Use the Spice circuit analysis program.
Such as free, but very high quality programme LTspice.

3. ### AnalogKid Distinguished Member

Aug 1, 2013
4,685
1,297
This is a tricky one. The circuit is 1/2 normal power supply and 1/2 charge pump. The bridge rectifier and C1 form a normal positive voltage power supply, with R1 acting as a load on the main filter capacitor. There is not ground symbol, but we will establish the line running through the center of the circuit, connecting to the left side of the bridge, D1, R1, C3, C1, D3, and both meters as GND.

This charge pump uses a capacitor to create negative DC from positive AC. R2 is just a current limiter; we can leave it out for the moment. C2 acts as an AC coupling capacitor. It has the input power AC on it, going both above and below GND. But its - end can't go above GND because it is "caught' by D1. When the - end of C2 gets more than 0.7 V above GND, D1 conducts and clamps the - end of C2 and +0.7 V. The + end of C2 continues to be pulled up by the input AC, and this charges up C2. On the negative half cycle on the input AC, both ends of C2 go down. This pushes the - end of C2 below GND. The action is similar to the way the diodes in a bridge rectifier catch the ends of the secondary winding to create unipolar DC.

So now on each half-cycle the - end of C2 goes negative (below GND). The charge in C2 goes through D2 to charge up C3 just like in a normal power supply, except that a) these are negative voltages so the diodes appear backwards; and b) the energy is coming through a capacitor rather than an inductor (the transformer secondary winding) so there isn't a lot of current available. While it is common for a power transformer secondary to have an impedance of 1 ohm or so, for a capacitor to have an impedance of 1 ohm at 60 Hz it would need to be 2,700 uF. Your 47 uF cap has an impedance of 57 ohms, which reduces the available voltage and current to the rest of the circuit.

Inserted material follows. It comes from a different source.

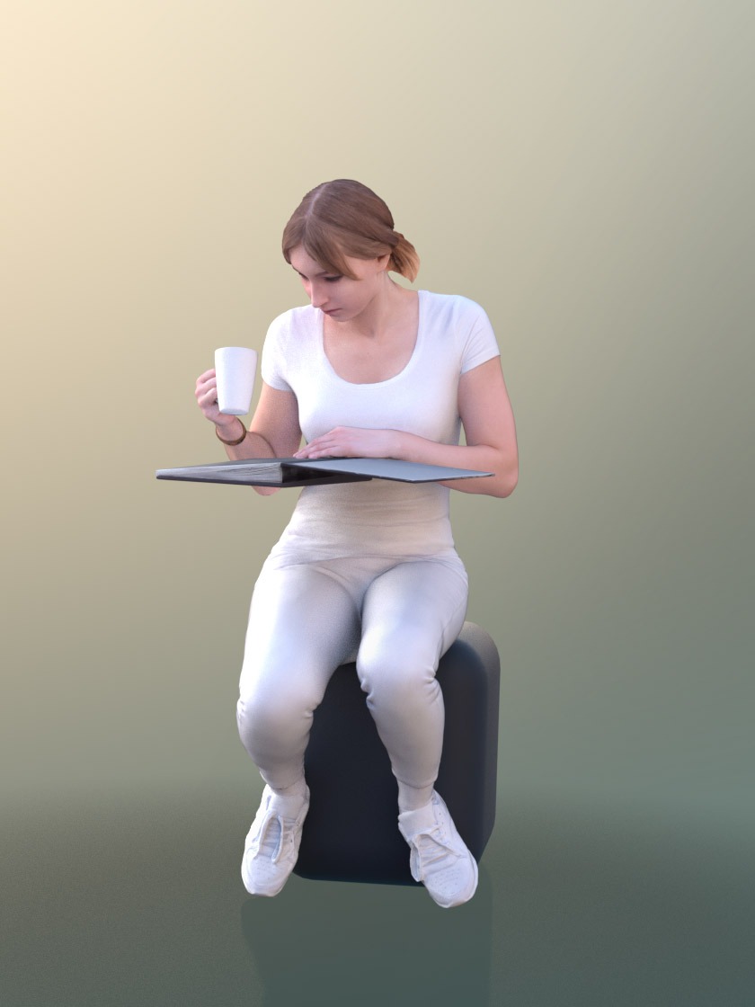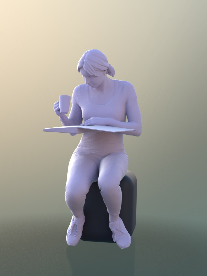 坐着看文件的商务女人OBJ格式素材之家精选3D模型

So the voltage developed across C3 will not be as large as the voltage across C1. D3 and D4 are forward biased through R3 by the negative voltage on C3, and act as a 1.4 V zener diode.

The key to understanding this circuit is to keep a flexible attitude to things being *relatively* positive and negative with respect to other things. GND is negative with respect to the positive end of C1. That same GND is *positive* with respect to the negative end of C3.

ak

cmartinez likes this.
4. ### hubble Thread Starter Member

Jun 17, 2009
22
0
I am still not getting this. How does the negative cycle of an AC push the -ve plate of C2 below ground? Also, how can an electrolytic capacitor take negative cycle on the positive plate? Will it not harm the capacitor?

Does it mean that the -ve end of C2 goes negative on both the +ve and -ve halves of an AC signal after the first charging cycle?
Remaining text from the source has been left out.